Oscar Otte spielt heute (ab 18 Uhr MESZ live bei Eurosport und in unserem Liveticker) um sein erstes Achtelfinale bei einem Grand-Slam-Turnier. Gegner wird der Südtiroler Andreas Seppi sein.

von Jörg Allmeroth
zuletzt bearbeitet: 04.09.2021, 10:17 Uhr

Oscar Otte spielt gerade das beste Major seines Lebens
© Getty Images
Oscar Otte spielt gerade das beste Major seines Lebens

Als Oscar Otte Ende Mai 2019 auf dem Centre Court der French Open gegen Roger Federer vorspielen durfte, wirkte er noch wie ein staunendes Kind, das es in ein Tennis-Wunderland hineingeschleudert hatte. „Total unwirklich“ sei das Ganze, sagte Otte damals, „ich spiele gegen mein eigenes Idol. Gegen jemanden, den ich sonst nur im Fernsehen bewundere.“ Otte schlug sich wacker damals, er verlor zwar in drei Sätzen, zeigte aber sein typisches Spiel voller Courage und Leidenschaft. Man werde noch von Otte hören, gab Federer zum Ende des Tages offiziell zu Protokoll: „Das ist ein Mann mit Mumm.“

Zwei Jahre und drei Monate später ist Otte immer noch ein Pendler zwischen verschiedenen Tennis-Welten. Oft bereist er die Schauplätze der Zweiten oder manchmal auch Dritten Lage, die gleichwohl anspruchsvollen Challenger- und Future-Wettbewerbe. Direkt vor den laufenden Grand Slam-Ausscheidungsspielen im Big Apple war der hochgewachsene Bursche aus der Kölner Südstadt beispielsweise noch beim Chellenger-Turnier im heimatlichen Meerbusch engagiert. 

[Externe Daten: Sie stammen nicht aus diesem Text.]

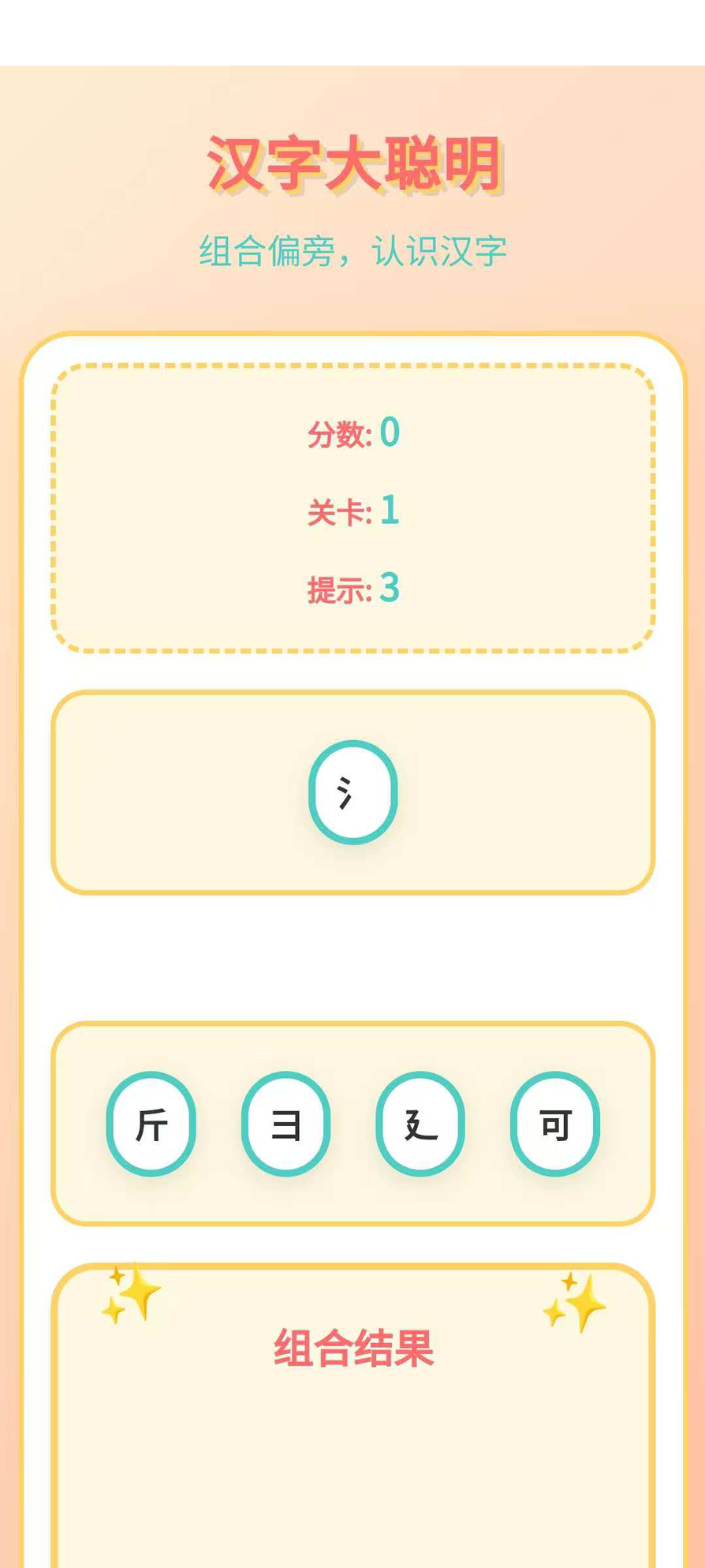 考验小朋友对汉字偏旁的汉字组成,大聪

Otte belohnt sich für die harte Arbeit

Aber immer öfters ist Otte eben auch auf den größten Bühnen zu bestaunen, bei den Majors, die Wert und Bedeutung eines Berufsspielers massiv abbilden. Dort gut abzuschneiden, „das zählt mehr als alles andere“, weiß Otte, der mit einem souveränen Drei-Satz-Erfolg gegen den Amerikaner Denis Kudla am Donnerstag erstmals die Runde der letzten 32 bei einem Grand-Slam-Spektakel erreichte. „Ein brutal schöner Moment“ sei das jetzt, sagt Otte, „der Lohn für all das, was man so investiert hat in den letzten Jahren.“ Ganz nebenbei auch der Lohn für so manchen Verletzungsrückschlag, für längere Auszeiten, in denen er dem Tennisgeschehen nur ohnmächtig zusehen konnte.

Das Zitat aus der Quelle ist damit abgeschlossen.